The uncomfortable verse: the supply chain isn’t being attacked despite the system working as designed. It’s being attacked because the system works as designed. Frictionless publishing. Automated trust chains. Global distribution in seconds. Those features are the attack surface.
The hopeful verse, because there is one: people like StepSecurity and Chainguard are building tools that treat supply chain integrity as an engineering problem, not an afterthought. DreamFactory’s researchers mapped the attack timeline because someone decided documenting the cascade mattered. The community members who catch these things on a Saturday are still out there, still watching.
The work goes on. It always does. Not because the system protects it — because the people inside the system refuse to stop.
If you’re running elementary-data, check your version. If it’s 0.23.3, rotate everything. Here’s what you need to know.
If you’re running anything at all in 2026 — which you are — maybe ask yourself who’s maintaining it, and what happens to you when they get targeted next.
// NEON BLOOD
Sources: Bleeping Computer — PyPI package with 1.1M monthly downloads hacked to push infostealer. DreamFactory — Five Supply Chain Attacks in Twelve Days. The Register — Two different attackers poisoned popular open source tools. StepSecurity — Axios Compromised on npm. Bleeping Computer — Bitwarden CLI npm package compromised. Chainguard — elementary-data compromise analysis. IT Brew — Supply-chain attacks against open source projects.
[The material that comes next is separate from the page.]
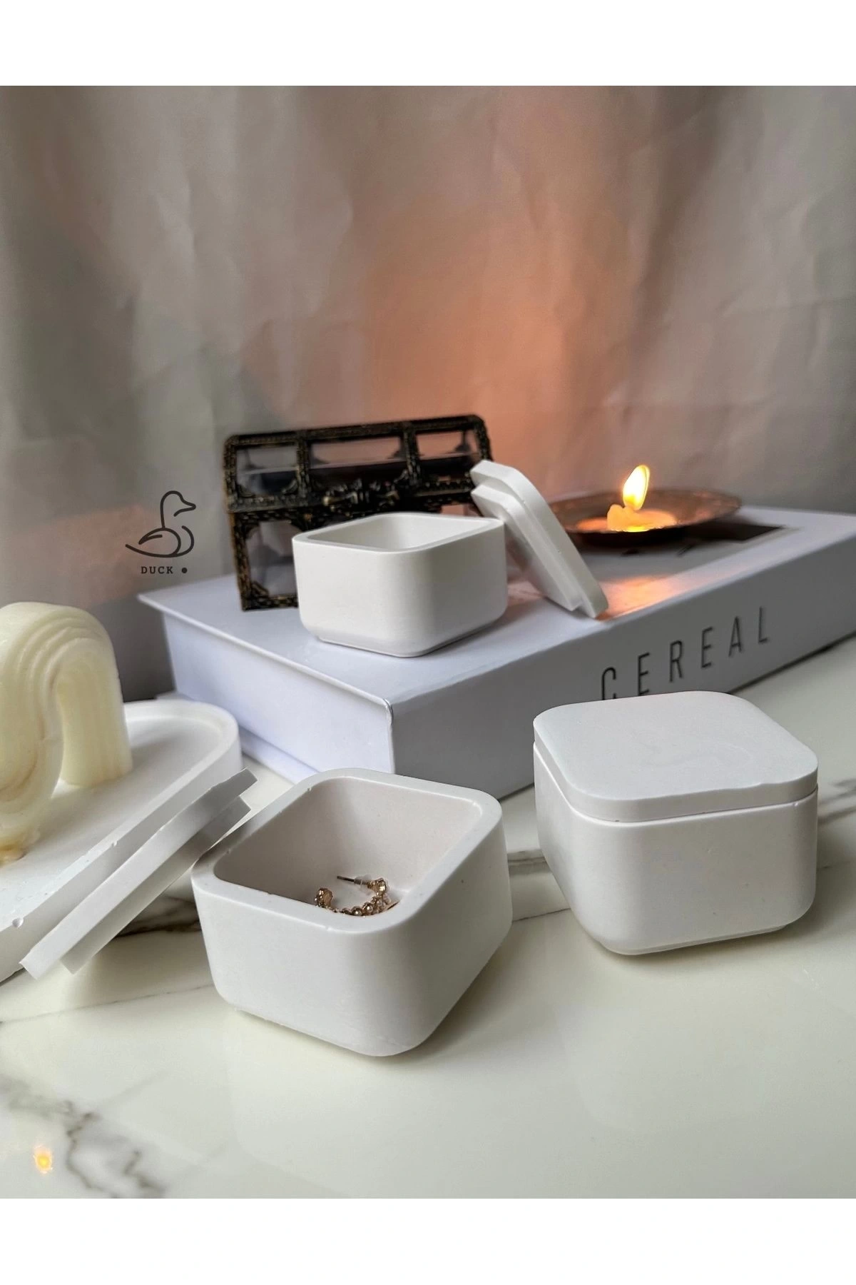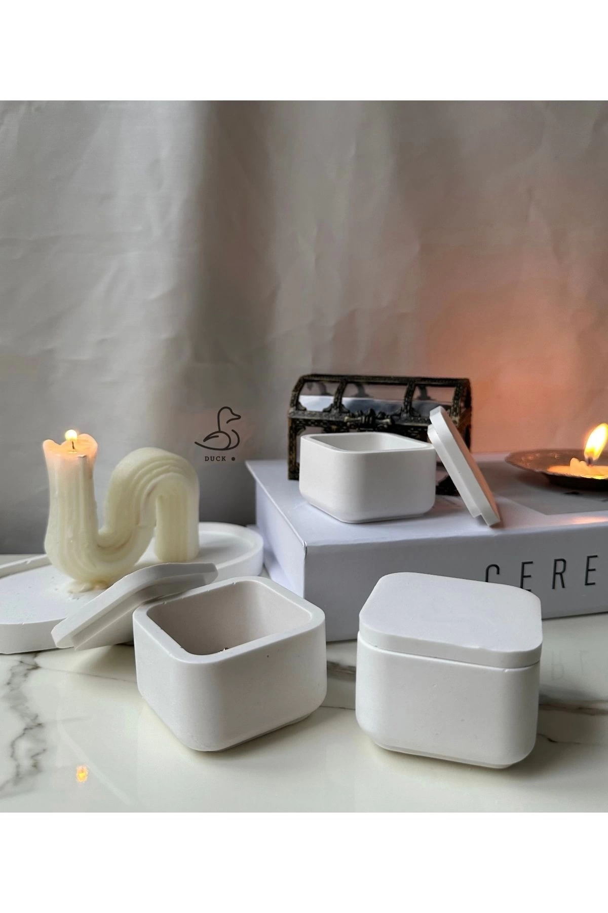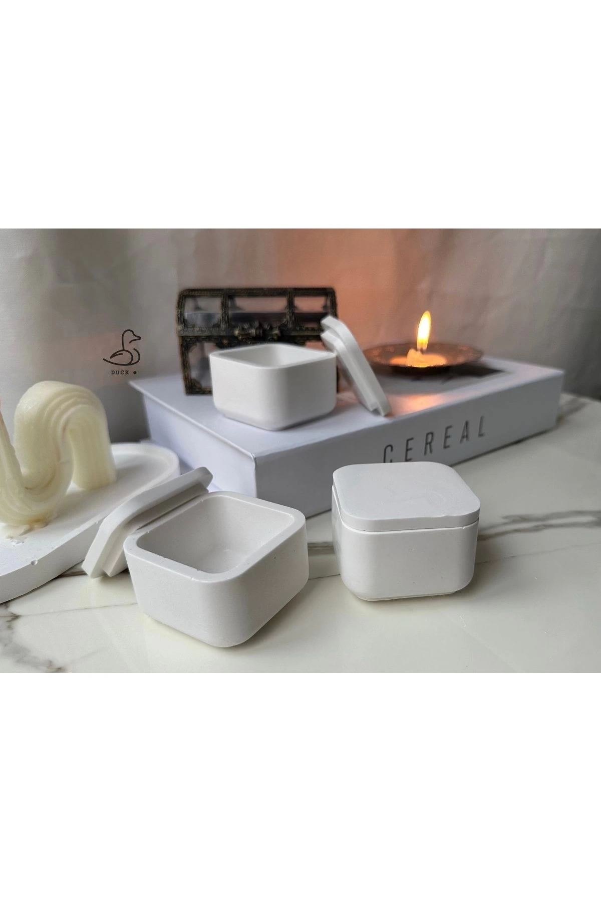 - Beton malzemesi sayesinde dayanıklı ve uzun ömürlü kullanım sunar.; - Kare şekliyle modern ve şık bir görünüm kazandırır.; - Üç parçadan oluşan set, mutfakta veya sofra düzeninde estetik bir uyum sağlar.; - Beyaz rengi ile her türlü dekorasyona kolayca uyum sağlar ve ferah bir atmosfer yaratır.; - 5 x 7 cm boyutlarındaki tabaklar, küçük porsiyonlar için idealdir ve servis yapmayı kolaylaştırır.; - Modern tema/stiliyle çağdaş mutfakların vazgeçilmez aksesuarlarından biri haline gelir.

terrifying it’s that simple to compromise literally millions of people in an instant, yet the finders and fixers will get no reward and no compensation.
That’s the verse that doesn’t get sung at conferences.
crisperik caught elementary-data. StepSecurity researchers mapped the cascade. OX Security traced the Bitwarden worm. None of them got a bug bounty. None of them got a line item in anyone’s security budget. The trillion-dollar companies downstream of those packages will update their dependencies, check a compliance box, and never send a dollar upstream to the person who saved them.
The economics are the vulnerability. Not the code. You can patch code in hours. You cannot patch an incentive structure that treats the people who maintain critical infrastructure as volunteers and the people who exploit it as a budget line item called “threat landscape.”
The finders get a thank you in a changelog. The fixers get a rotated key and another Saturday spent cleaning up. The companies get to keep shipping. The attackers get to try again next week, knowing the same underfunded, understaffed, unpaid maintainers are the only thing standing between them and your cloud credentials.
Terrifyingly simple. You’re right. And the simplest part isn’t the exploit. It’s the decision, made over and over by every company in the chain, that paying for the infrastructure they depend on is someone else’s problem.